Same story with the development of the island’s sea ports, with the previous administration more interested in sharing slices of the cruise tourism cake with preferred partners and then proceeding to criticize this administration’s handling of the redevelopment of the island’s ports through the Global Ports Holdings (GPH) project it inherited from the last UWP administration.

The UWP has roundly-criticized the project as being implemented by the Saint Lucia Air & Sea Ports Authority (SLASPA) under the Pierre administration, but the Castries cruise terminal was just-recently-named the Caribbean’s best, winning the Caribbean Shipping Association’s (CSA) 2024 Port of the Year Award.

The list of casualties of regime change under the last and previous UWP administrations is long and costly enough to have earned the mistrust Saint Lucian voters showed regarding the UWP’s election promises in 2021 and 2025 to ‘Complete St.
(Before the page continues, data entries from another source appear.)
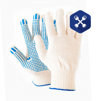 Перчатки ХБ белые (точка) 5-ти нитка с ПВХ (синяя/зеленая резинка) (ООО "Камские перчатки")
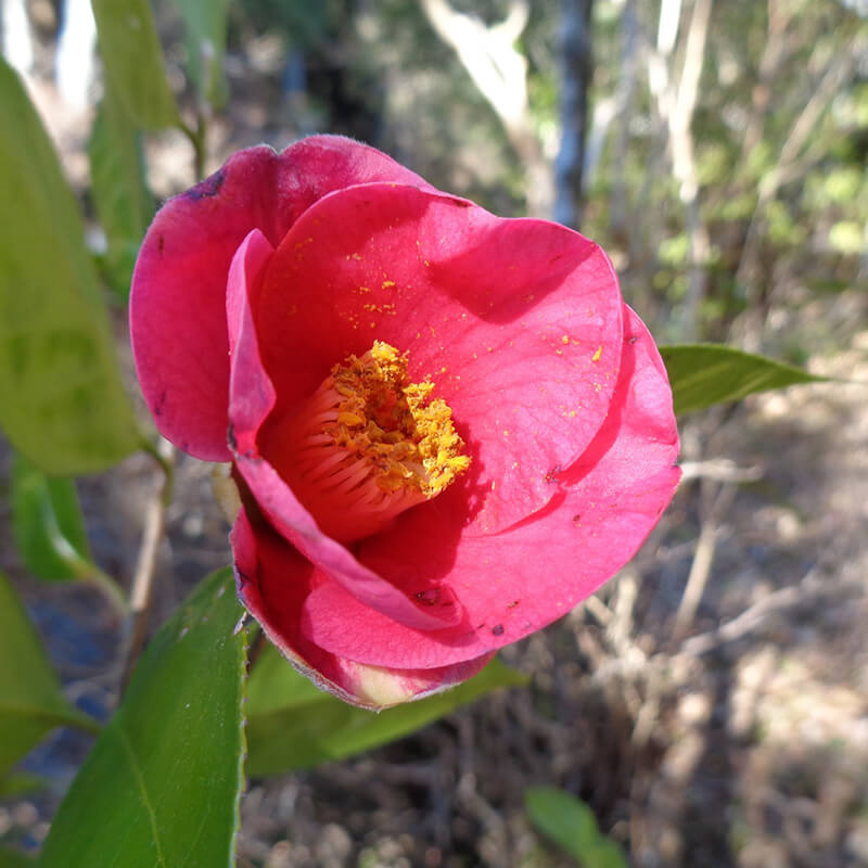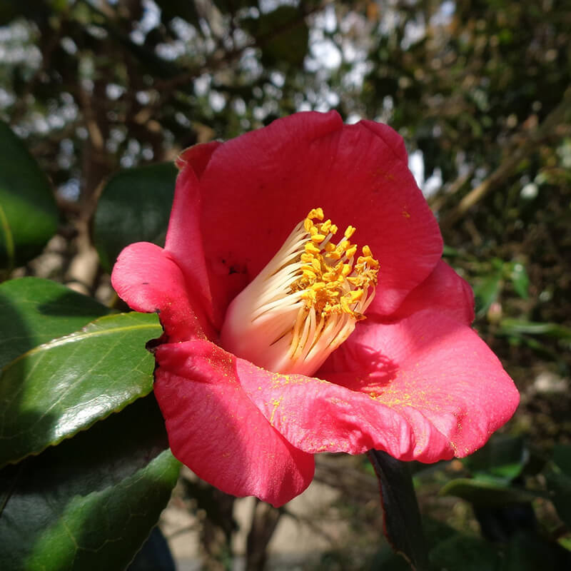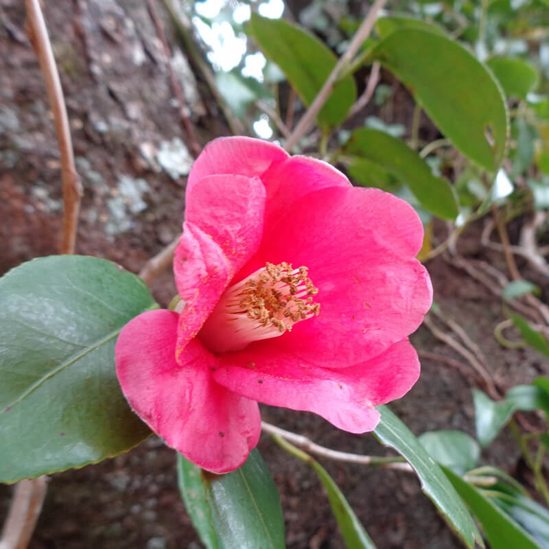 - ①薮椿(ヤブツバキ)が咲いています。薮に生える椿ということでこの名がつきました。日本固有種で日本最古の観賞用花木、代表的な茶花として知られています。花は終わると首ごと落下するので武士は忌み嫌ったといいます。
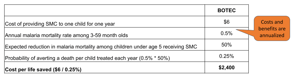 - For each of these programs, we model cost-effectiveness across a snapshot of the entire treatment window.[6] For example, we model the cost-effectiveness of SMC over a 1-year time horizon, despite the fact that children should—in theory—receive SMC each year for the first 5 years of life.
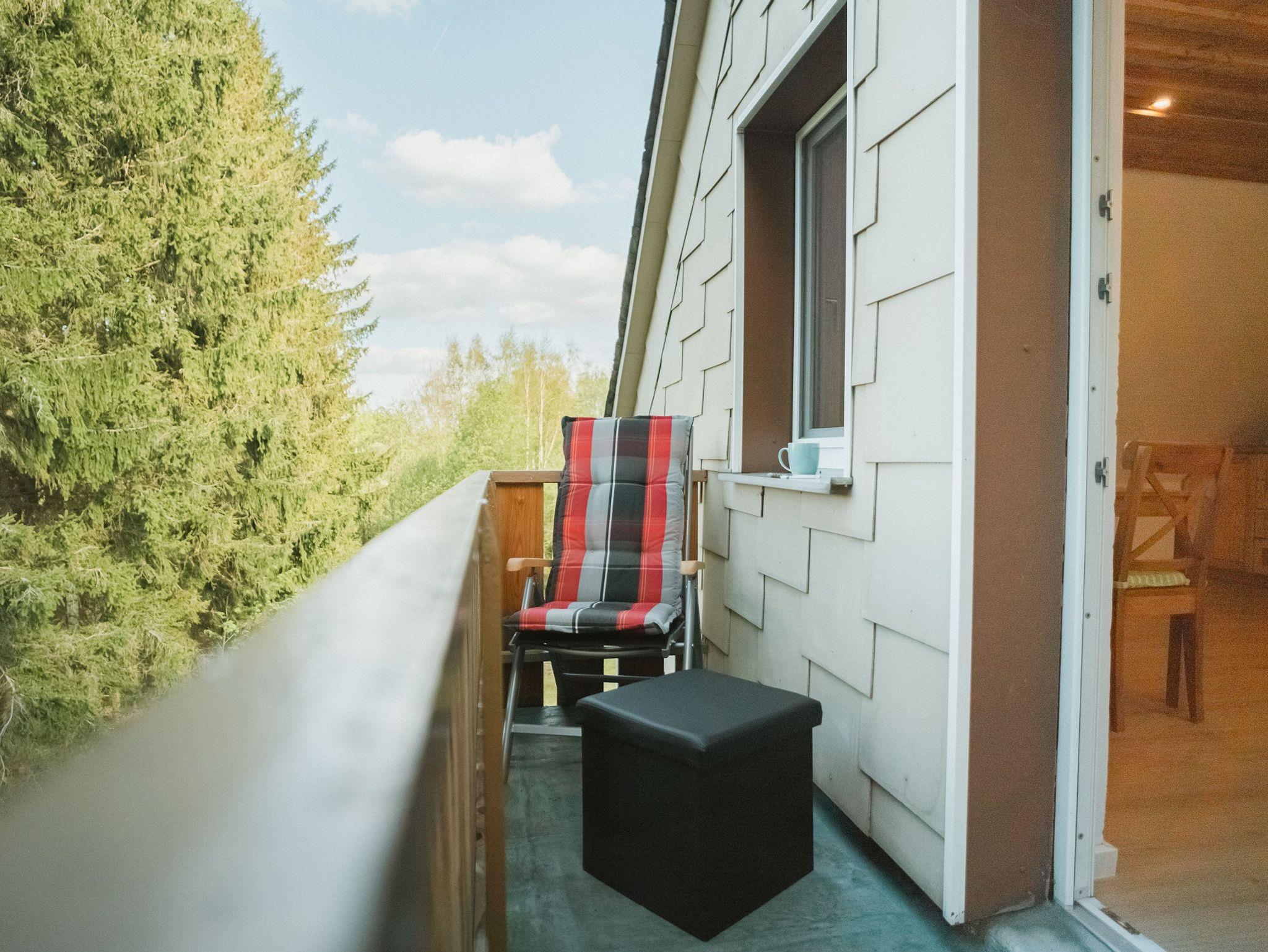 Von der Wohnküche gelangt man direkt auf den kleinen Balkon, der sich inmitten der Natur befindet.

Jude’.

Never to admit losing even an argument, the rabid snipers among the candidates and spokespersons on UWP platforms might even argue in the final week of the campaign that the new hospital being handed-over tomorrow is ‘nothing’ until filled with sick people’.

But the grand ceremony — made possible by the efficiency and expertise of Rayneau Gajadhar’s Concrete and Industrial Equipment (CIE) Ltd. — is also what will be on display tomorrow – and that’ll be a sure source of headache and heartburn to those in the opposition today who ensured the company got no major government projects under their watch.

But then, this isn’t CIE’s first hospital project, as they also built Dominica’s Friendship Hospital a few years ago.

The RG Group of Companies is also contracted to build a brand-new hospital in Montserrat, where construction is well-underway.

Against this background, therefore, it’s completely understandable that those opposition politicians who put party before patrimony and self before country in pursuit of power, will feel very sick while the rest of the nation attends and follows the grand ceremony tomorrow.

But the real pain will be on Election Day!